How are ANY of these ideas supposed to "mend" our society?

"19th Century Solutions for 21st Century Problems," is how Liberal Democrat Mr David "He is the" Laws described them.

If our society IS broken, then it seems to me that the thing that broke it was the "Me, me, me" attitude that the Conservatories created in the Eighties and that Lord Blairimort has only continued.

And now the Conservatories want to be the "Not me, guv" party that seeks to PASS THE BUCK to charities and individuals. They are hardly a ROLE MODEL for a new COMPASSIONATE society.

What we need is a government that says we will not interfere with your successes, but we will be there to catch you if you fall. A government that INVESTS in education to RESCUE failing schools, not one that sells them off. A government that thinks we should be REHABILITATING prisoners, not just locking them up for longer and longer and longer. A government that isn't going to legislate to force every family to have 2.4 children.
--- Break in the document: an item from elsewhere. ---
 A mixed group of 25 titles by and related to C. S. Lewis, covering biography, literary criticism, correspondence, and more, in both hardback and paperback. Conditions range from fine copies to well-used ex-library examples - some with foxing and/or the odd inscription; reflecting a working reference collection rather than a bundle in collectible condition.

A government that TRUSTS people. A Liberal Democrat Government.


1 comment:

gemnoire said...

Though I'm not massively well aquainted with research on education per se, I do know that research in relation to delinquency has generally found that yes, children with two parents on the whole are less likley to be involved in anti-social behaviour than with one parent.

But once research started looking at it closer, they found that the most important factor was parental attention, with a loving, attentive single parent resulting in equal outcomes to two loving, attentive parents. But that children growing up in disruptive but two parent households did very badly.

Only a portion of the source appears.